The storyline is shoplifted directly out of Julia Roberts’ Pretty Woman, with the supposedly amusing switch being that the guy is the call girl in this one.
Debra Messing (Will & Grace) stars as the relationship-handicapped Kat, who we’re introduced to after she’s already enlisted Nick (Dermot Mulroney of My Best Friend’s Wedding) to be her hooker-for-hire date to her sister’s wedding.
With the little plot that’s spoken of, you can decipher that her last breakup was tough to take and her ex is going to be at the wedding. So Kat comes up with the scatterbrained idea of hiring an escort to be her date to try to make her ex jealous, while putting on a happy face for her family.
But by having the movie start with Mick already employed, we never get a glimpse as to why she would need a prostitute to be her date, why she’s so tormented to please her family, or even anything about her. Instead it only serves as a foreshadowing to how little effort director Clare Kilner and screenwriter Dana Fox seem to have placed in their story.
Predictably, the direction doesn’t get any better. Conversations take place without meaning, scenes end on a whim and transitions are non-existent throughout the picture. To say this film is amateurish would be generous – a film student wouldn’t even hand this in.

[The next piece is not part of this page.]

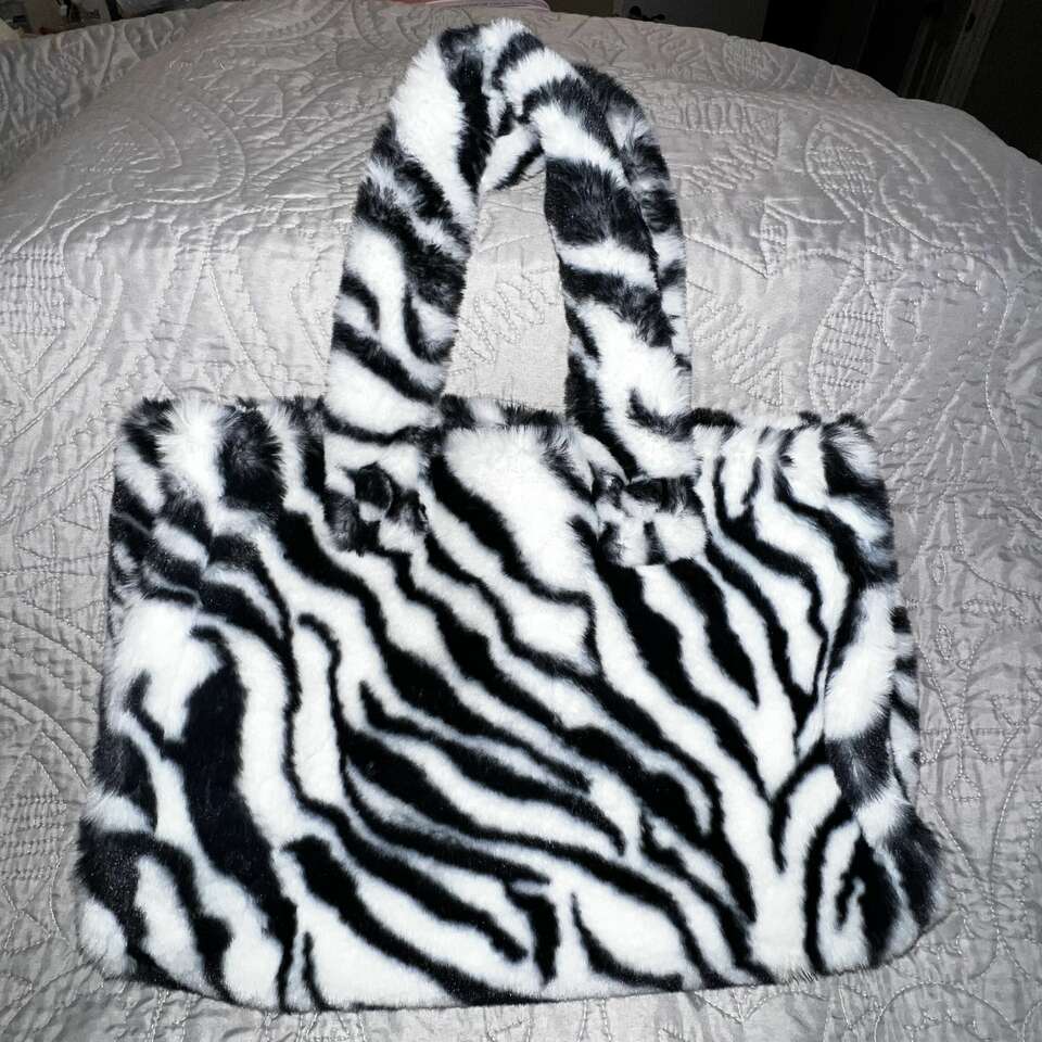 Black White Zebra Animal Print Y2K Faux Fur Medium Tote Bag. Mid-sized handbag rendered in fuzzy faux fur, perfect for toting around. Lined interior with a zip pocket and expandable snap closure.

Kilner makes mention that Nick was a comparative literature graduate of Brown University, only to dismiss the information like it’s normal to have chosen to be a prostitute instead.

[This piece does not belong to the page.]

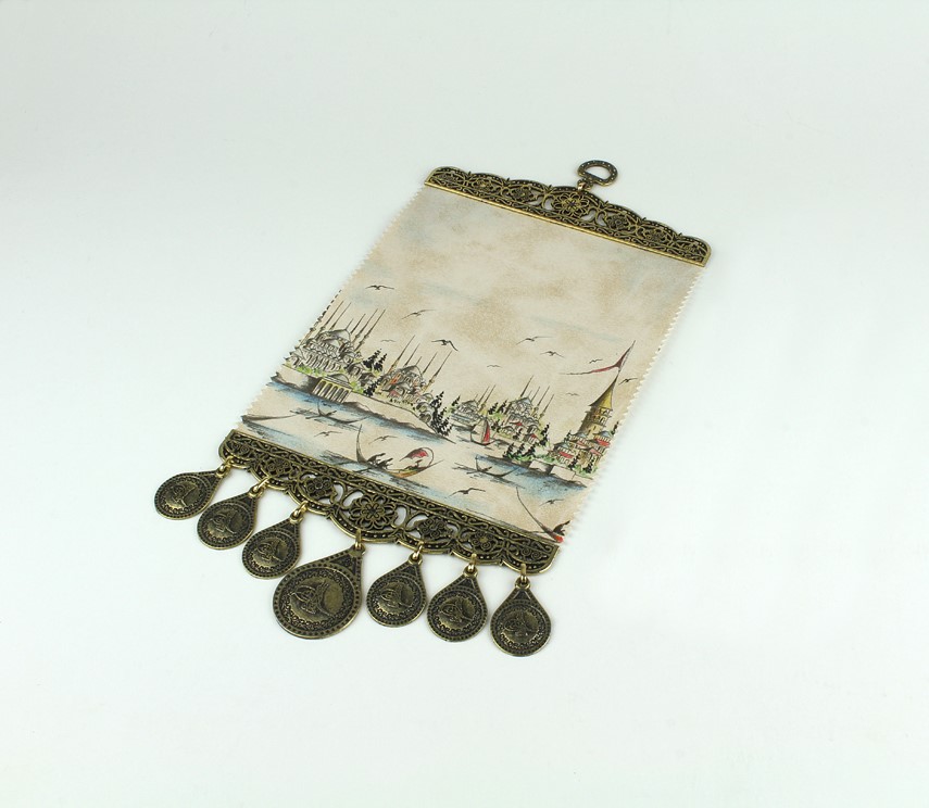 32 X 15 cm ölçülerinde birinci kalite deri üzerine renkli İstanbul silüeti baskılı altı ve üstü metallerle süslenmiştir

By the end of the film a character is faced with a life-changing decision: at a crossroads, he has to decide whether to go back and marry the woman who cheated on him. It’s not giving anything away to say that he’s talked into marrying her based solely on the prospect of – ludicrously – “makeup sex!”

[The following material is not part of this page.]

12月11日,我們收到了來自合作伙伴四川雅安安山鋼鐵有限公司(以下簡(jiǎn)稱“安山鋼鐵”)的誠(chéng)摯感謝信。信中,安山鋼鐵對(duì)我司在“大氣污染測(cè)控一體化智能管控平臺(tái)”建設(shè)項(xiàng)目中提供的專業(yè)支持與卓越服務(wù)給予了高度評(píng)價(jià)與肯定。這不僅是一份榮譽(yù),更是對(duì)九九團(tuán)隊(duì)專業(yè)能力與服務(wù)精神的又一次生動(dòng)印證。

A romantic comedy that’s neither romantic nor funny, the only thing this film has going for it is its timing. Its producers having had the good sense to deliver it during the worst season for new releases – after the Oscar contenders – and two weeks before Valentine’s Day. Best case scenario is that it makes a few bucks back and its stars aren’t totally humiliated by the experience.
The final result leaves Debra Messing still searching for the role that will lift her out of her television-typecasting. After her moderately successful role in Along Came Polly, alongside fellow sitcom starlet Jennifer Aniston, Messing was hoping Wedding Date would open doors for her once Will & Grace invariably ends in the next few seasons. Wedding Date is more likely to slam those doors shut.
But while neither Messing or Mulroney were ready to carry a movie, the real fault has to be placed with director Clare Kilner, who up till now had experience directing only the Mandy Moore starring vehicle How to Deal. She’s unable to tell a story, tie together scenes or make anything remotely interesting. And she makes The Wedding Date the early odds-on favorite to sweep the Razzies next year.